I’m having this issue in a model I’m working with too. The challenge when post-processing is it’s not always simple to tell which cluster is which when the distributions overlap. The other thing you need to be super careful with, especially with a GMM, is to make sure that the label doesn’t switch mid-chain.

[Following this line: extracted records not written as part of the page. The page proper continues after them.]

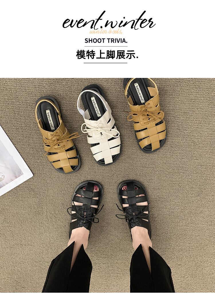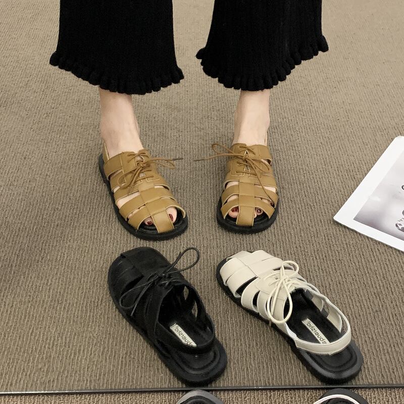 包頭サンダルレディース2022夏新作ファッションオールマッチレトロレースアップフラット滑り止めカジュアルビーチシューズトレンド 靴 サマー 夏物 jxjxf54601298826
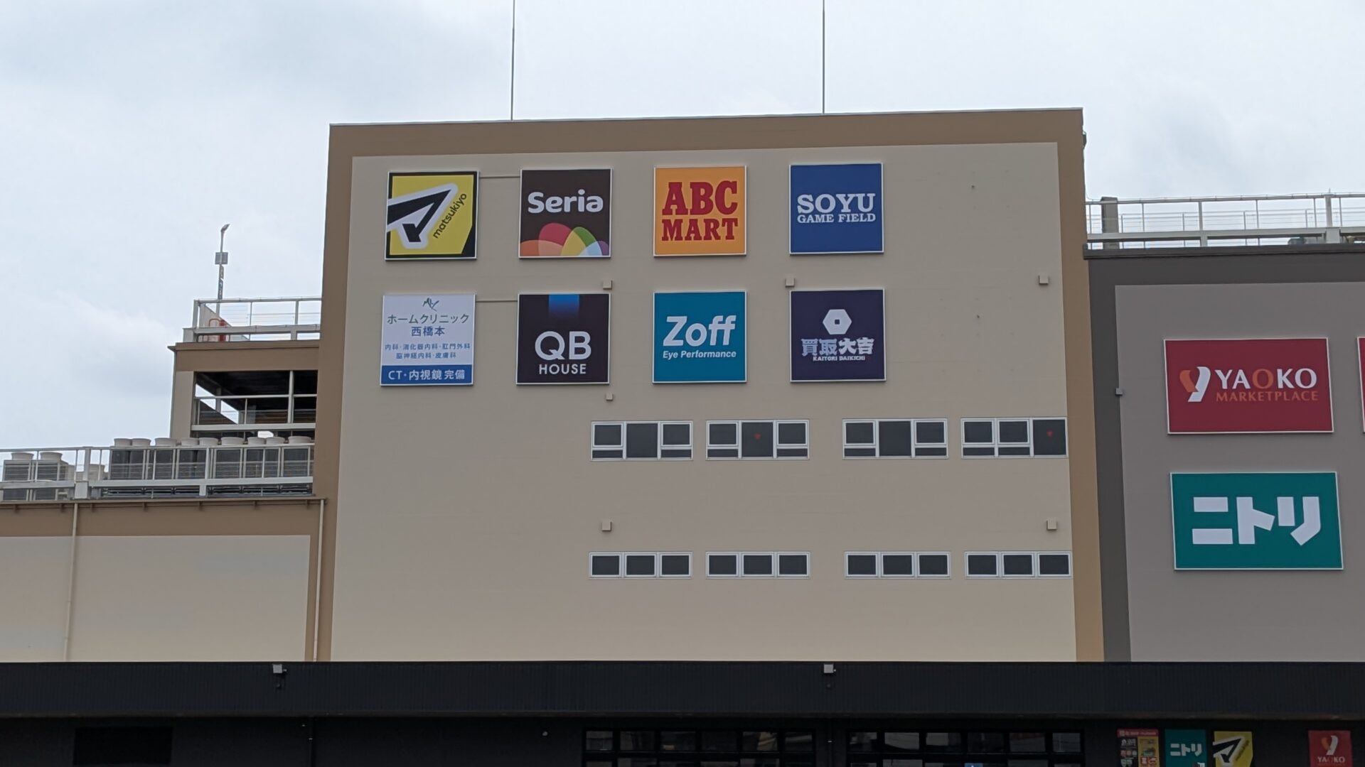 もう少し寄りで。新たに「ABC MART」さん、「ホームクリニック西橋本」さん、「Zoff」さん、「QB House」さん、「買取大吉」さんの出店が確認できます。看板の空きスペース的に、もう2テナントくらいの告知がされるのでしょうか。
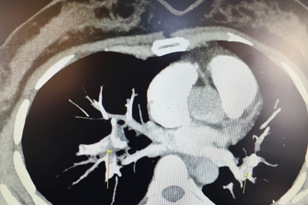 “急诊CT提示,患者肺部双侧与主干血管均有不同程度的栓塞,我们立刻采取了吸氧、抗凝等治疗。”台州玉环市人民医院呼吸与危重症医学科主治医师王剑解释,彭女士是因久坐导致下肢深静脉血栓,引起急性肺栓塞、呼吸衰竭。
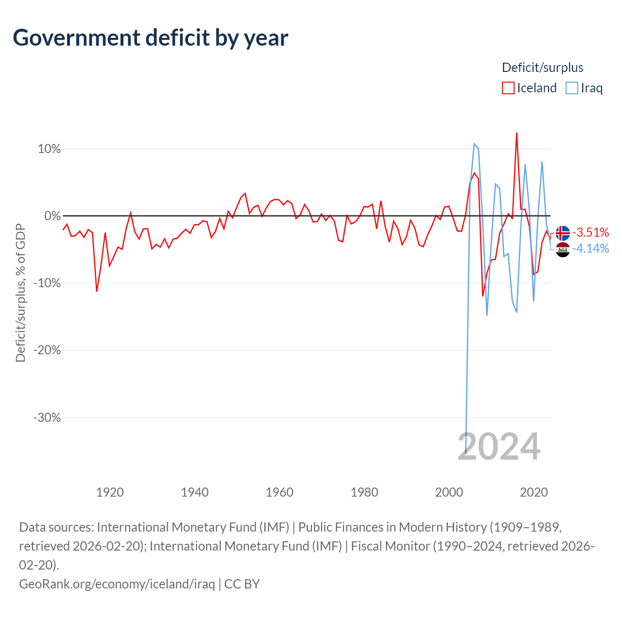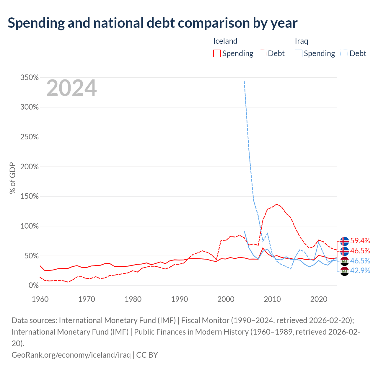 Iceland has $19.8B in government debt (59.4% of GDP), compared to $130B (46.5% of GDP) in Iraq.

Betancourt has a blog about this you may have already come across, which is pretty helpful: Identifying Bayesian Mixture Models

I have some code to do the postprocessing. Start by making an arviz object from your model (called az_obj here). This code assumes there is a variable called assignment in your model which represents the cluster label. You also need to supply a dict called adjustment_vars that has the names of the variables you want to shuffle as keys, and the index of the dimension you want to shuffle them in as the values.

import xarray as xr
import numpy as np

cutoff = 0.75 

chain_res = np.zeros((az_obj.posterior.assignment.shape[0], az_obj.posterior.assignment.shape[2])) * np.nan
for chain in range(az_obj.posterior.assignment.shape[0]):
  for ind in range(az_obj.posterior.assignment.shape[2]):
      
      freqs = {}
      dat = az_obj.posterior.assignment[chain, :, ind]
      
      for val in np.unique(dat):
          freqs[val] = np.sum(val == np.asarray(dat)) / len(dat)
          
      if (np.asarray(list(freqs.values())) > cutoff).any():
          chain_res[chain, ind] = list(freqs.keys())[list(freqs.values()).index(np.max(list(freqs.values())))]
          
u_res = np.unique(chain_res.T, axis=0)
mapping = u_res[np.isnan(u_res).sum(axis=1) == 0, :]

for k in adjustment_vars:
  for chain in range(az_obj.posterior.chain.shape[0]):
      inds = np.concatenate((mapping[:, chain], np.arange(az_obj.posterior[k].shape[adjustment_vars[k]])))
      for i in mapping[:, chain]:
          inds = np.delete(inds, np.argwhere(inds == i)[-1])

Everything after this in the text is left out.